On track

Technology used to help trace criminals may be used to boost UK athletes’ Olympic 2012 hopes


A technology being used to identify possible criminals or terrorists in a crowd may help UK in its bid for medals at the 2012 Olympics.

The analysis of body movement using artificial intelligence helps security services pick out unusual body movements and suspicious behaviour at events such as rallies or football matches.

Now, Muscle Memory Second Generation (MM2G) is developing a web-based product that will use the same technology to enhance the sports performance of professional and amateur athletes.

The system uses qualitative analysis based on technology developed with the Institute of Industrial Research (IIR) at the University of Portsmouth. The group has studied how the body’s muscles operate when the subject is performing a particular activity and, using artificial intelligence, has created computer templates of normal movement.

‘The theory of how this will work is that the sportsperson will capture their movements and compare it to the templates,’ said Winslie Gomez, MM2G managing director. ‘This will create the equivalent of having a personal coach in their pocket.’

By comparing normal movement to that of an individual, it should be possible to identify any potential problems that could compromise performance or even result in long-term injury.

Although the system is initially going to be aimed at the UK market, with the objective of helping athletes training for the 2012 Olympics in London, MM2G hopes eventually it will develop to become a global interactive e-learning and teaching tool.

‘The aim is to marry artificial intelligence and behavioural templates to sports science and performance. The resulting product will take sports training and performance analysis onto the internet,’ said Gomez.

‘We are going to be taking on a postgraduate student who will create the normalised templates of how the body behaves during sports, using artificial intelligence.’

MM2G will refine the IIR’s templates in order to use them in a sports context. The company is looking for a doctoral student to conduct research aimed at developing real-time and feasible algorithms for this recognition and matching of continuous human motion to the sports templates they will create.

Once the tool is ready, it is envisaged that one or more cameras will allow the user to capture images of their movements as they carry out activities. These will then be transmitted to a central computer using a device such as a PDA.

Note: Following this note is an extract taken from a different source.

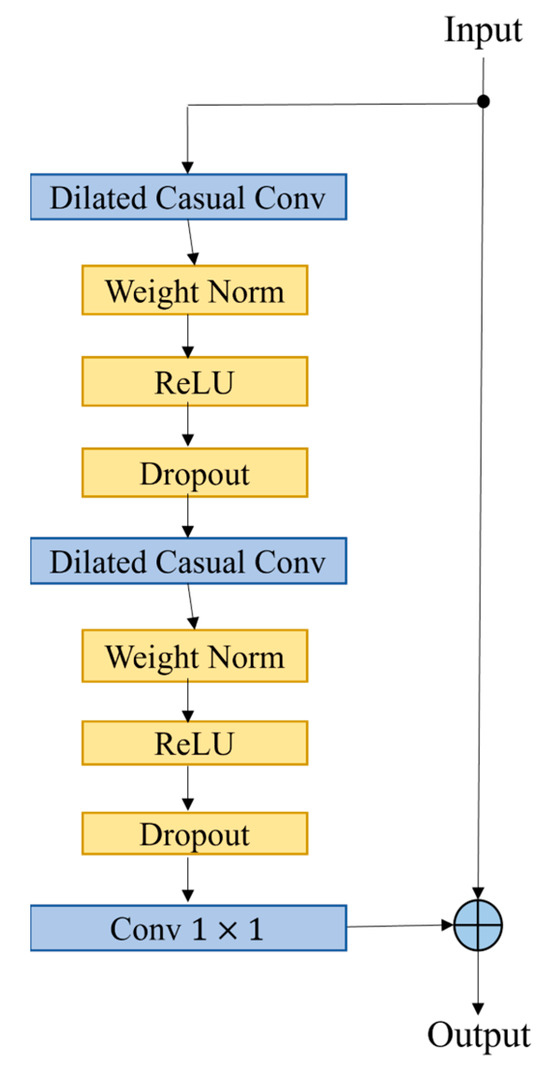 As shown in Figure 8, within the residual block, the TCN comprises two layers of dilated causal convolutions and nonlinear processing, where Rectified Linear Units (ReLU) are used. For normalization, weight normalization is applied to the convolutional filters. Additionally, after normalization through dilated convolution, a spatial dropout is incorporated in each layer to deactivate some neurons, thus avoiding overfitting.

Part of the project will involve determining the minimum number of cameras that are needed to capture the data required. Such movement analysis will involve pulling several templates together. However, this will create a mass of information, as it will involve large amounts of image capture.

Even given the improvements in processing power that are expected over the next three years, in order to pick out the relevant portions and ensure these are still small enough to be sent from a personal device, an algorithm will need to be developed that can hone in on and filter out the data required.

As well as professional sports stars, Gomez said that players in, for example, amateur rugby teams could also benefit from its use. It could also have a role in creating an extensive online resource, similar to an encyclopaedia of sport that would contain interactive portions.

‘The level of analysis that the system would deliver could be tailored to the user’s needs,’ said Gomez.

The system also has the potential for use in treating and preventing industrial and work injuries, such as postural problems caused by workers slumping over keyboards for a long period.

‘We are walking into a disaster area of health when it comes to hunching over a computer,’ said Gomez. ‘By modifying movements we could trigger the muscles to change and improve themselves.’